Proxy modes

Overview

Load Balancing supports DNS-only and HTTP proxy modes, outlined below.


HTTP Proxy mode

In HTTP Proxy mode, load balancers have an automatic TTL. Cloudflare will announce Cloudflare IP addresses externally, but will protect (mask) your origin server IP addresses. Any changes to your load balancer will propagate within seconds inside Cloudflare, including any failover events.

In the Load Balancing dashboard, an orange cloud icon indicates HTTP Proxy mode.
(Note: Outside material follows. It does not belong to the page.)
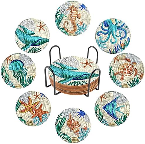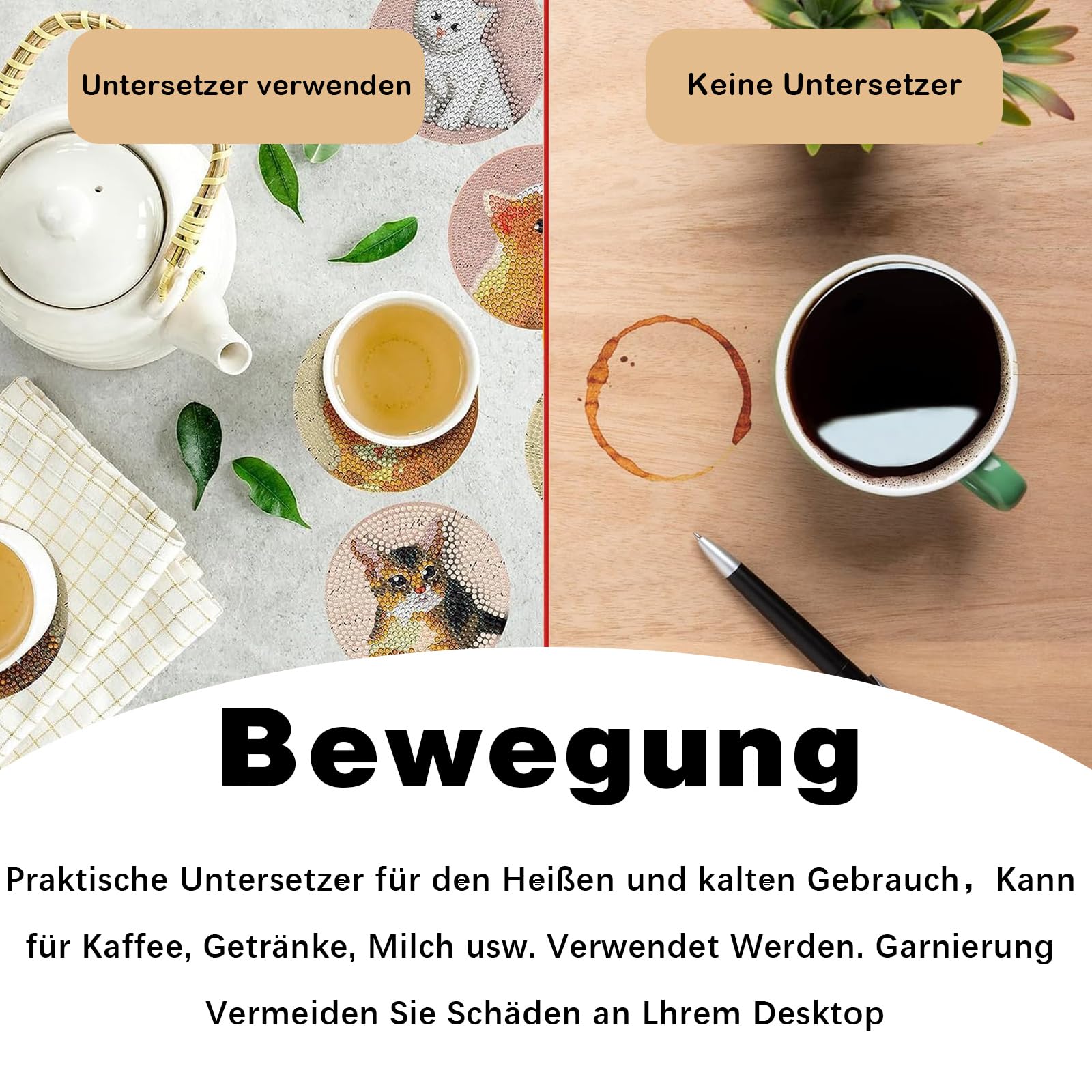 Kreative Köpfe, dieses feelive Diamond Painting Set ist genau das Richtige für entspannte Stunden! Enthalten sind 8 verschiedene Untersetzer-Motive, die du mit funkelnden Diamanten verzieren kannst. Jedes Design ist einzigartig und wird deinem Zuhause eine persönliche Note verleihen. Im Set findest du alles, was du brauchst: Die Unterlagen mit klaren Zahlen, bunte Diamanten, einen Stift, Kleber und sogar Korkböden für die Rückseite. Einfach die Diamanten entsprechend der Zahlen auf die klebrige Oberfläche setzen - das ist so entspannend und macht süchtig! Perfekt für Erwachsene und Anfänger, aber auch für Kinder ab einem bestimmten Alter geeignet. Die fertigen Untersetzer sind nicht nur hübsch anzusehen, sondern auch praktisch: Sie schützen deine Tische vor heißen oder kalten Getränken. Super als Geschenk für Geburtstage, Weihnachten oder einfach als Mitbringsel. Ob alleine oder mit Freunden - Diamond Painting ist der perfekte Ausgleich zum stressigen Alltag. Einfach auspacken und loslegen - deine persönlichen Kunstwerke warten darauf, erschaffen zu werden!

Setting the load balancer to HTTP Proxy mode offers the following benefits:

  • Failover will be faster, as external DNS caches that don’t respect short DNS TTLs will not impact failover performance.
  • Customers on our Free, Pro, and Business plans who have a Load Balancing subscription may see reduced usage on their bill. The “automatic” TTL (five minutes) reduces the number of authoritative queries made against Cloudflare without impacting failover performance.

DNS-Only mode

In DNS-Only mode, you can configure load balancers to set a TTL from 30 seconds to 10 minutes. Cloudflare will serve the addresses of the (healthy) origin servers directly but relies on DNS resolvers respecting the short TTL to re-query Cloudflare’s DNS for an updated list of healthy addresses.

In the Load Balancing dashboard, a gray cloud icon indicates DNS-Only mode.


Important notes

You can have HTTP Proxy (orange cloud icon) and DNS-Only (gray cloud icon) domains in the same Load Balancing region, but the traffic routing behavior differs as follows:

  • Traffic for domains using HTTP Proxy mode is routed based on the data center associated with the user making the request.
  • Traffic for domains using DNS-Only mode is routed based on the data center associated with the user’s recursive resolver (DNS recursor).